Sunrise is technically at 5:18am, but like the long sunset, when Matthew left the other day at 4am, it was already getting light.  I've been surprised by how much I've enjoyed the long days, especially when the weather is clear and beautiful, which it has been a lot lately.

It's just recently started getting "hot".  This week we had several days with temps in the 90s (F), one of which hit 98℉. This has been a sweaty week since I've been doing double drop-offs & pick ups of both boys at school while Matthew's been working.  I'm estimating that I cycle a minimum of 8km on those days, plus a few km of walking to any errands I need to take care go shopping, see friends, or Deutsch class.  Needless to say, my water intake has gone up ALOT, I'm getting the first tan I've had in years, and I'm sleeping great despite the sunlight!

Also, it's important to know that there is no air conditioning here. Most of the time it's not really needed. Even when the temps get hot, it's usually only for a short time and a few days later it's back in the 60s-70s. Plus, Europeans seem to be adamantly opposed to it: central air-conditioning spreads germs, allergens, harbors mold and is not energy efficient. BUT you can purchase a small, room air conditioner on Amazon. I've held that knowledge in the back of my mind as the temps start to heat up.
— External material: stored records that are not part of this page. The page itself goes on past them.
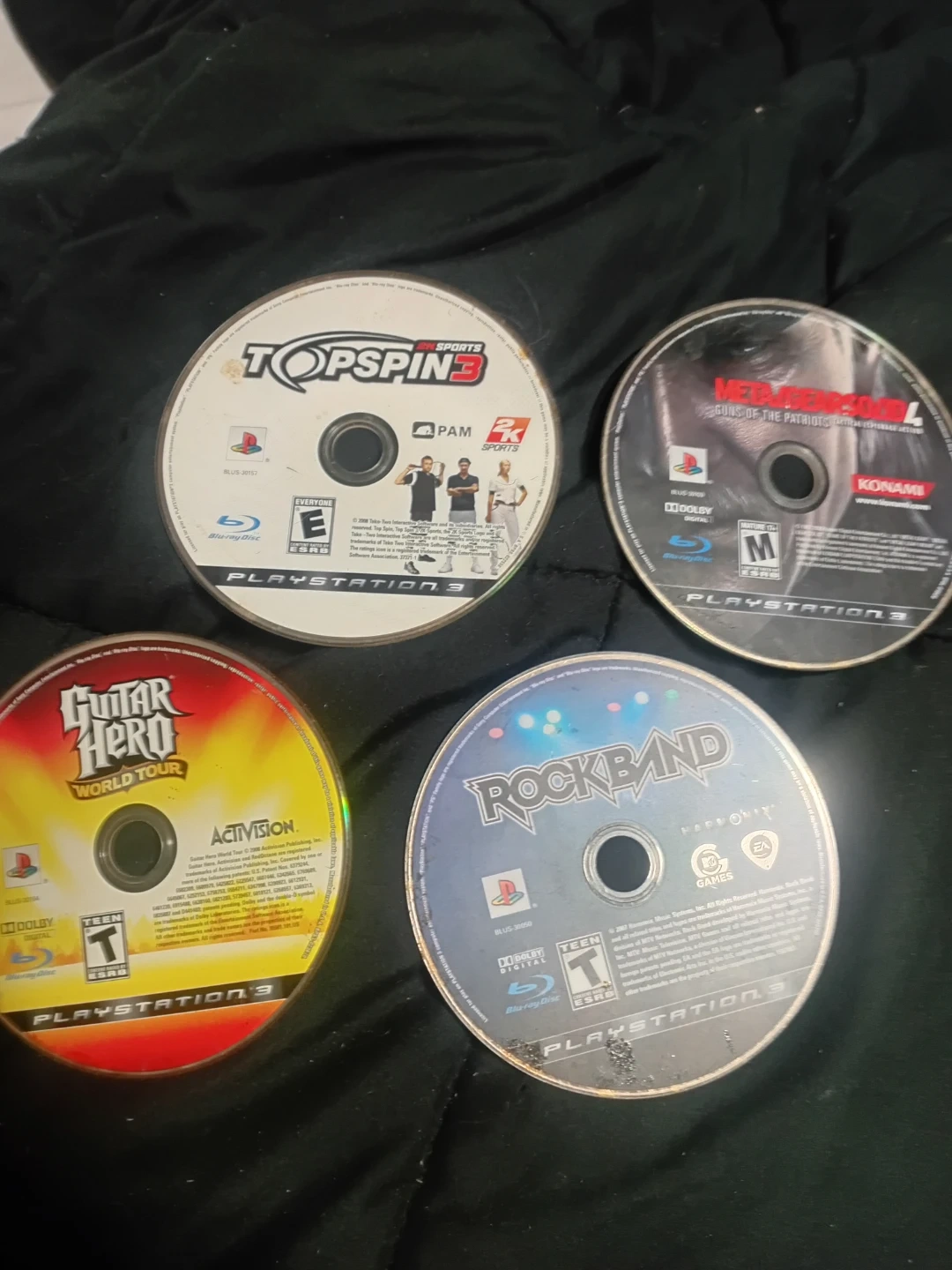 Includes Topspin 3, Metal Gear Solid 4: Guns of the Patriots, Guitar Hero: World Tour, and Rockband for Playstation 3. These are Blu-ray discs. Suitable for teens and up.
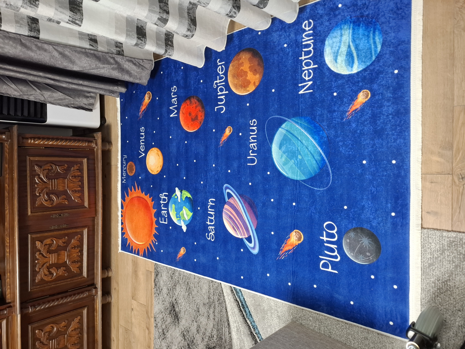 Covorul pentru copii Solar System transformă camera celor mici într-un spațiu educativ și plin de imaginație, prin designul colorat cu planetele sistemului solar, stele și comete. Ilustrațiile atractive și denumirile planetelor stimulează curiozitatea, învățarea și joaca creativă, fiind ideal pentru camere de copii, spații de joacă sau colțuri educative.
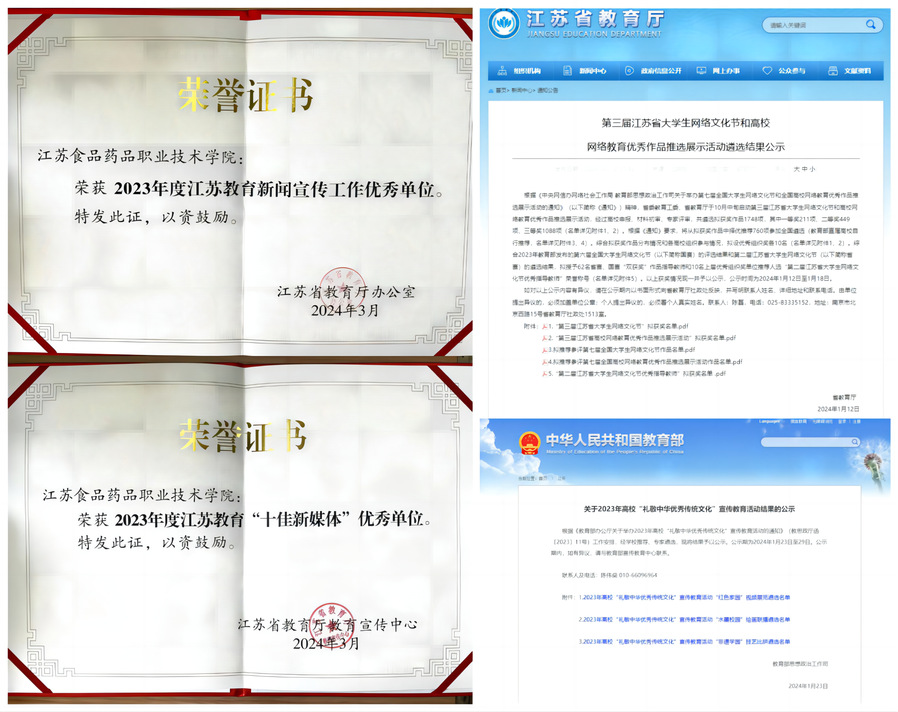学校4项“思政精品”项目推荐至教育部参加评选,推荐数量全省高职院校第一。入选教育部“礼敬中华优秀传统文化”宣传教育活动、省级思政精品、省“一节一推选”、省“技能成才、强国有我”优秀成果展示等省级以上奖项12个。学校获评江苏省新闻宣传工作优秀单位和“十佳新媒体”优秀单位,学校发展成果全年在人民日报等国家级媒体刊发17篇、省级媒体刊发112篇。
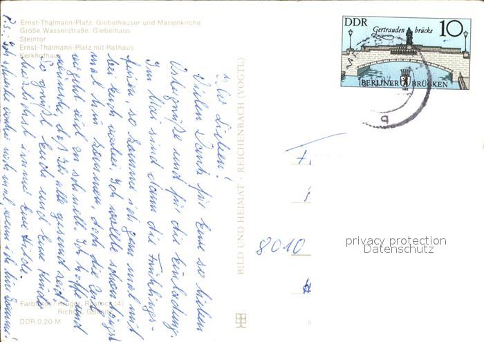 72358404 alte Postkarte ROSTOCK CITY Thaelmann Platz Giebelhaeuser Marienkirche Gr Wasserstrasse Steintor Rathaus Kerkhofhaus postalisch gelaufen Erhaltung siehe scans KatCode: 11110013003000
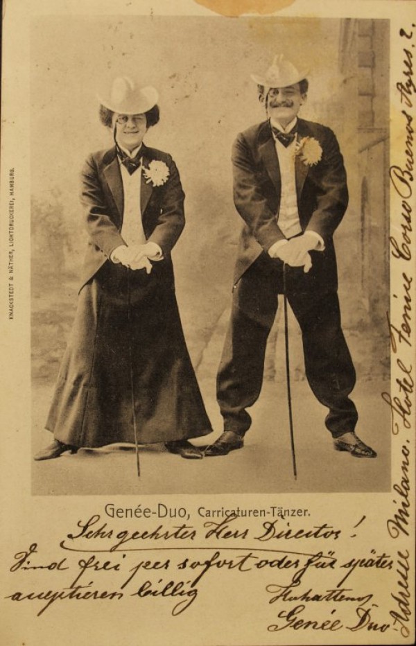 Cartolina postale , autografa firmata , del Duo - Genee. Coppia di ballerin di Avanspettacolo, i attivi in Germania alla fine del XIX secolo e inizio del XX . La cartolina è indirizzata al Direttore del teatro Alfieri di Torino.
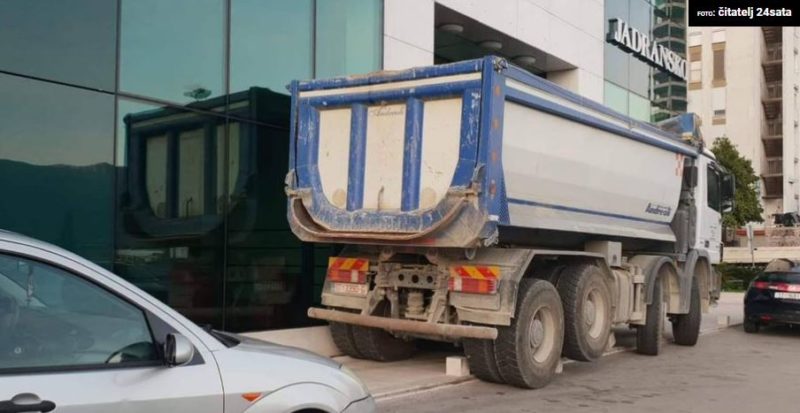Vlasnik građevinske tvrtke Bešlić je jutros oko 7 sati blokirao kamionima ulaze u zgradu Jadranskog osiguranja na splitskom Kmanu.
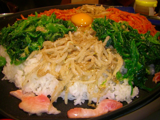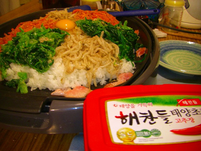 そして夜は昨日食べ損ねたビビンバです。人参とほうれん草が山のようにある我が家にはぴったりのご飯です。今回はそぼろが無いので豚肉を端で焼いてみました。
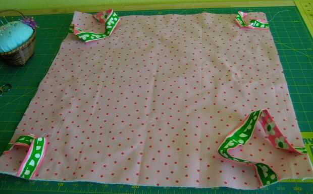 • Aplanar la correa contra la gran plaza e hilvanar hacia abajo (a mano o con una máquina de coser). Esto se asegurará de que no quedar atrapado en las costuras exteriores cuando estamos montando la portadora principal.
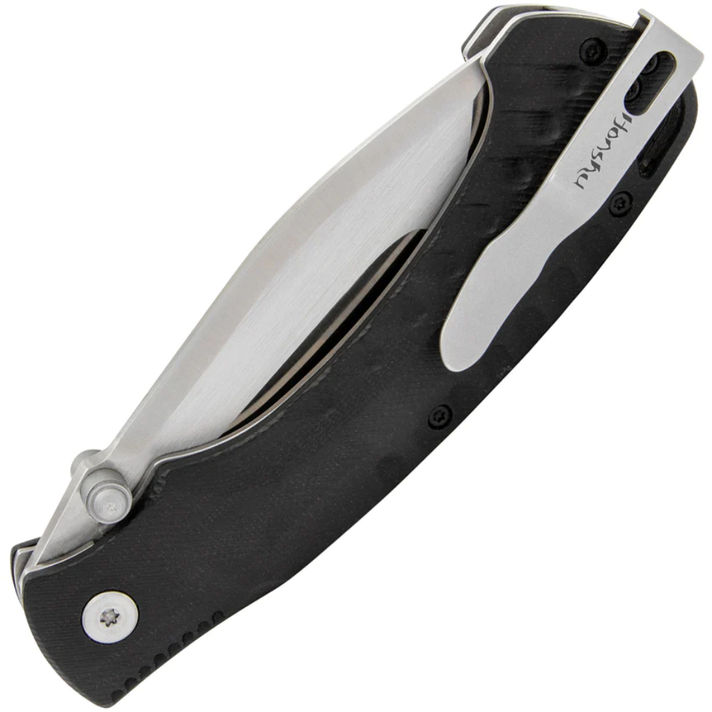 Honshu, known for its incredible line of tactical swords, continues to release innovative pieces that are a savage blend of style and function. The Senjutsu Ball Bearing Opening Pocket Knife is the tactical knife that you’ve been looking for to get the job done on whatever mission you take it. The knife has a 3 1/2”, D2 tool steel blade with a satin finish, and can be deployed using the flipper to activate the ball bearing opening. Our official D2 stamp assures you that you're getting a blade that holds its edge, is perfectly balanced and is as tough as nails. No other company can compete with the superior quality of a Honshu blade. The black G10 handle scales have CNC shaped grooves for a slip-free grip and the liners are bead-blasted stainless steel. The tactical pocket knife is 4 3/4”, when closed, and it has a stainless steel pocket clip and also features a lanyard hole.
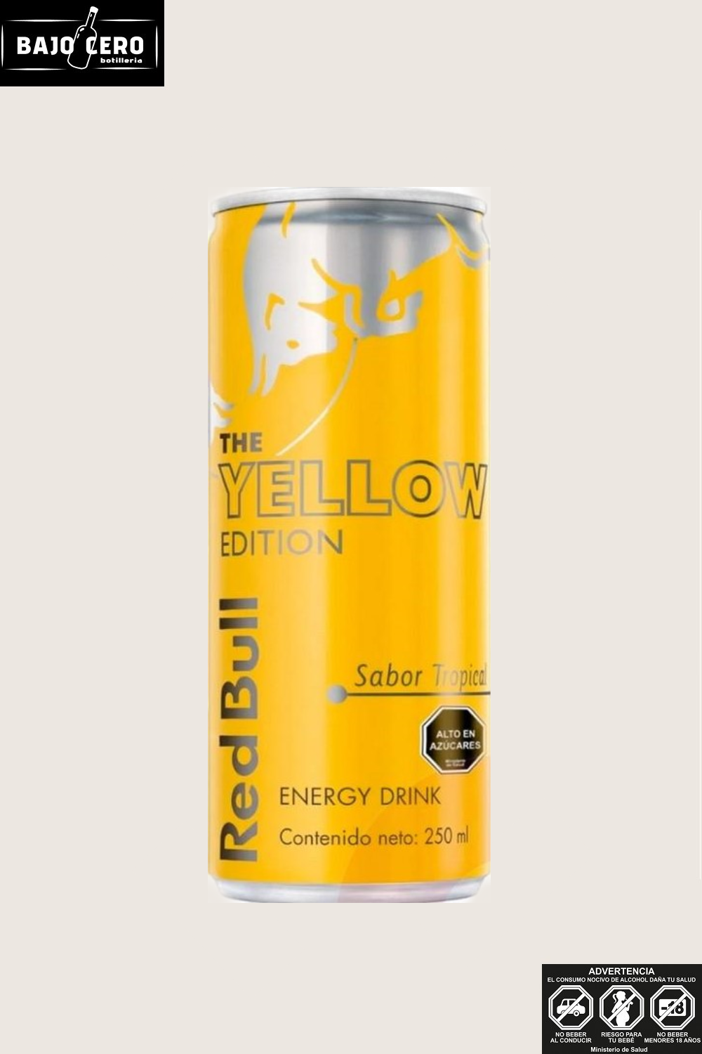 Red Bull Yellow Edition, también conocida como Red Bull Tropical, es una bebida energética que conbina el sabor característicos de red bull con un con un toque de frutas tropicales. Entre sus ingredientes principales se encuentran la cafeína, la taurina y las vitaminas del grupo B, que contribuyen a la reducción del cansancio y la fatiga, además de mejorar la concentración y el estado de alerta. El sabor tropical se logra a través de una mezcla de frutas exóticas, ofreciendo una experiencia refrescante y revitalizante
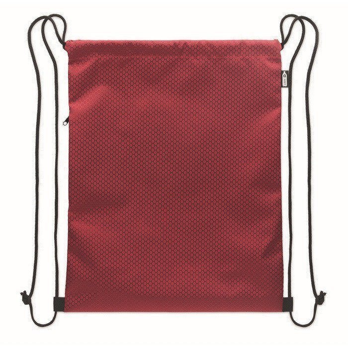 Mochila de cordão de rPET com bolso lateral e fecho de correr
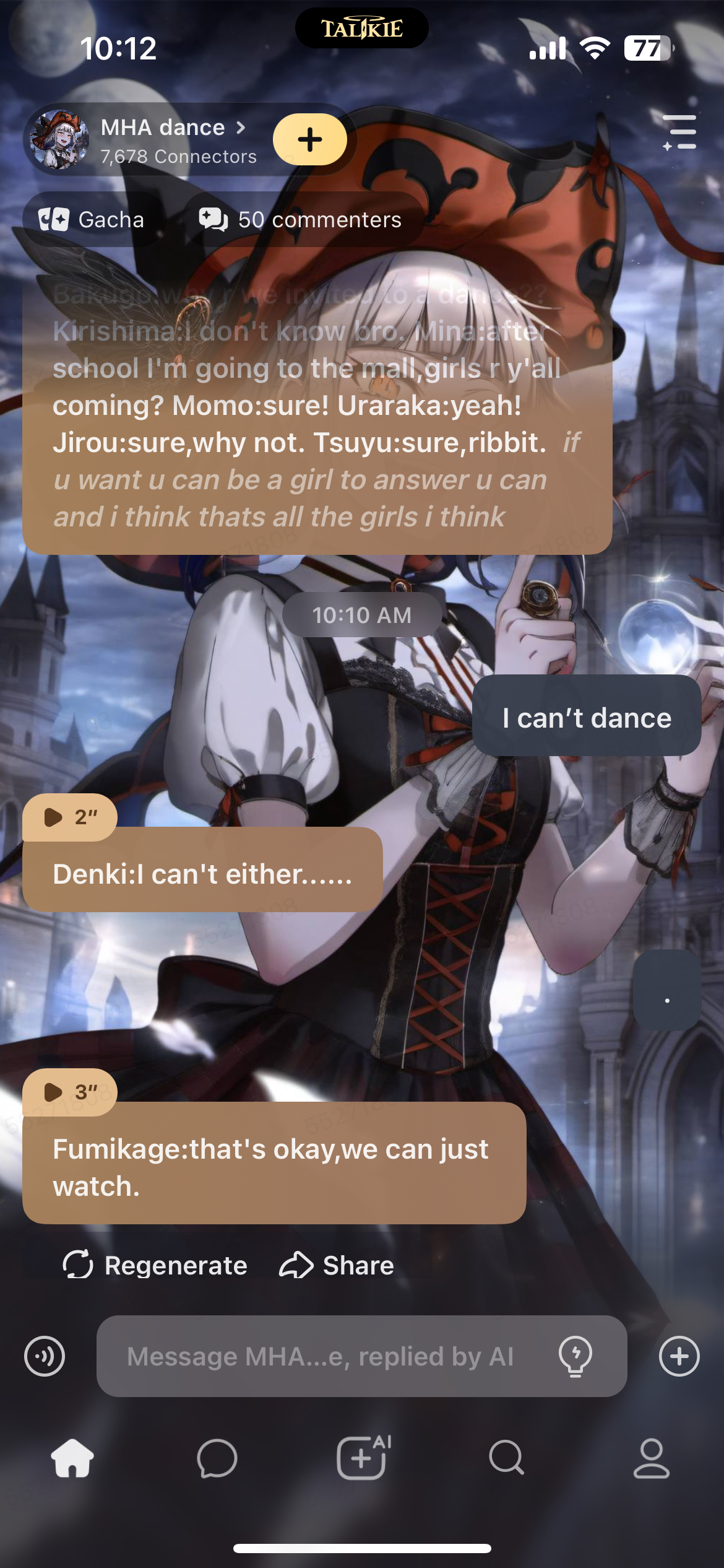 *Aizawa gets a note from someone* Aizawa:Problem children,please listen up we're invited to a dance. Bakugo:why r we invited to a dance?? Kirishima:I don't know bro. Mina:after school I'm going to the mall,girls r y'all coming? Momo:sure! Uraraka:yeah! Jirou:sure,why not. Tsuyu:sure,ribbit. *if u want u can be a girl to answer u can and i think thats all the girls i think*
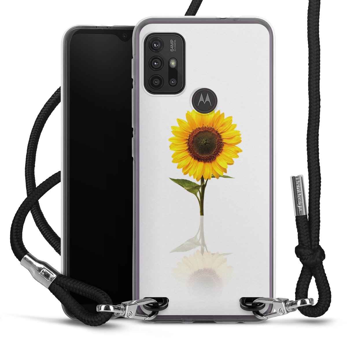 Keep your phone handy at all times, thanks to the flexible silicone case with a textile strap.
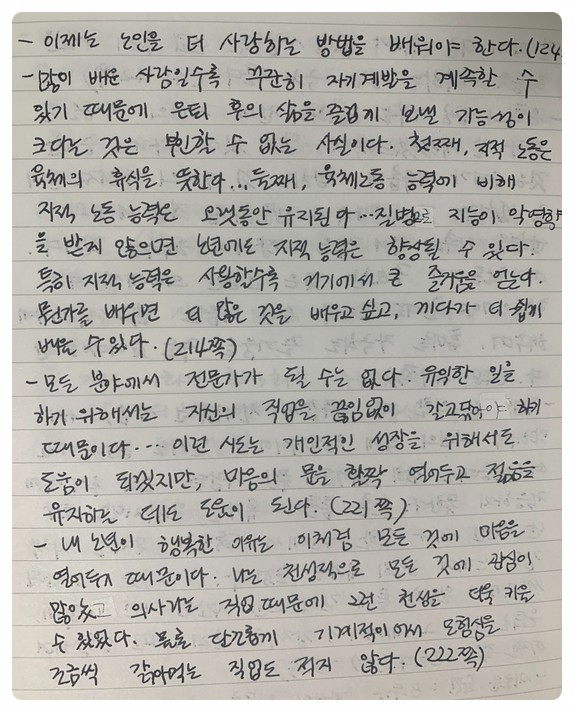 나이가 들면서 건강이 점점 나빠지는 경우를 생각하지 않을 수 없다. 아무리 젊었을 때 건강관리를 잘해도, 우리는 수명이 다하면 죽음에 이르게 된다. 누구에게도 예외는 없는 것이다. 하지만 자신이 할 수 있는 한 잘 관리하고 대비한다면 고통의 시기를 늦출 수도 있고, 건강이 나빠진 후에도 그로 인한 부작용을 줄일 수 있다. 눈이 어두워질 것을 대비하여 점자를 미리 배워둔다는 것도 굉장히 의미심장했다. 물론 눈이 안 보이면 읽어주는 책을 들으면 되지만 시력이 약해지면 청각도 약해질 것이 분명하므로 점자는 매우 유용할 것 같다.
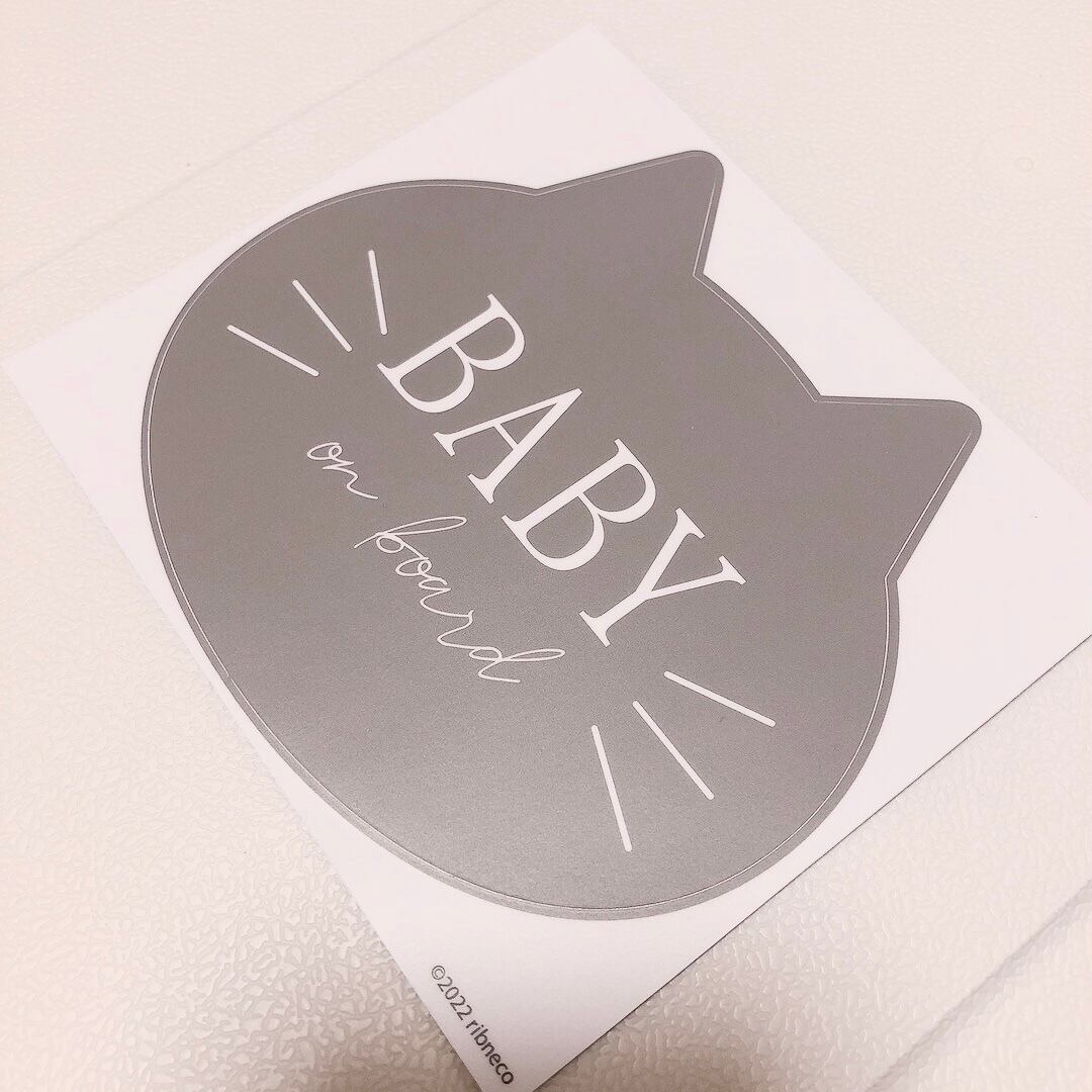 赤ちゃんが車に乗っていることを知らせる猫型のステッカーです。
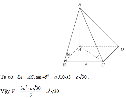 Cho khối chóp S.ABCD có đáy là hình chữ nhật cạnh AB=3a, BC=a. Cạnh bên SA vuông góc với đáy; SC tạo với mặt phẳng (ABCD) một góc 600. Tính thể tích V của khối chóp đã cho
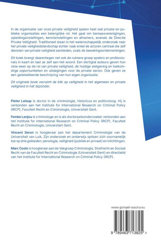 Dit originele boek verruimt de blik op veiligheid in het algemeen en private veiligheid in het bijzonder. Pieter Leloup is doctor in de criminologie, historicus en politicoloog. Hij is verbonden aan het Institute for International Research on Criminal Policy (
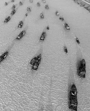 1月26日,在山东省烟台市芝罘岛西口村渔码头,渔船冻在海冰中。
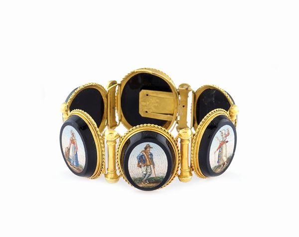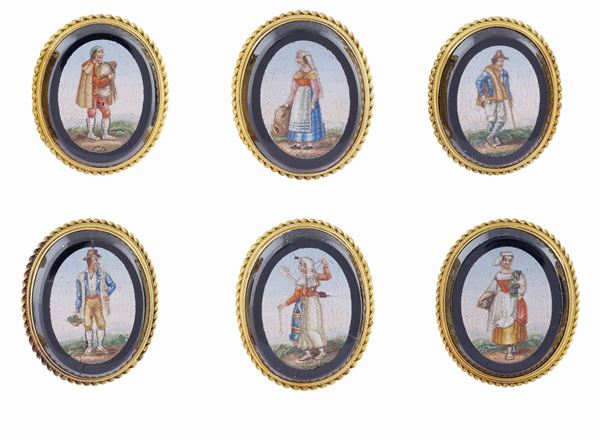 composto da sei placche ovali in micromosaico raffiguranti personaggi in costume della campagna romana, entro cornici in nero del Belgio, lunghezza cm. 18,5. Completo di astuccio originale, peso 58,40 gr.

Our house has held up surprisingly well, so far, though. I don't know if it's the age of the house with its 2-3 ft thick stone & concrete walls, that it was built with the intention to stay cool, but we've guessed that the interior temperature has stayed in the mid 70s even on the hottest days. It has actually felt cooler on a 98℉ day here than our house in Atlanta did WITH air conditioning. Those awesome automatic exterior shades really help, too. Our windows only get about 2-3 hours of direct, hot sunlight each day (by design??) and so, we lower the shades during that time.

Growing up in the Southeastern US, it was common to see/tour old antebellum houses that had a central hallway. I remember the tour guide always pointed out during the tour that the doors on either end of the hallway could be opened in the summer time for a breeze.  I used to think that this was evidence that they were really desperate for air conditioning, but can now vouch for the design's effectiveness. It's pretty common most days to find our house open like this with a breeze flowing through the middle:

I'll keep you posted as to whether we break down and order an air conditioner.  I think we'll be getting a fan for the bedroom soon, for some airflow at night.  After all, it's still only June and we have to make it through August. :)

EDIT: After posting, I realized it's not actually correct to say "NO air-conditioning". Grocery stores have air conditioning, as well as the commercial shops downtown. But I am not aware of any houses having it.  Even the largest office building uses water from the river pushed through pipes in the center of the building to cool it.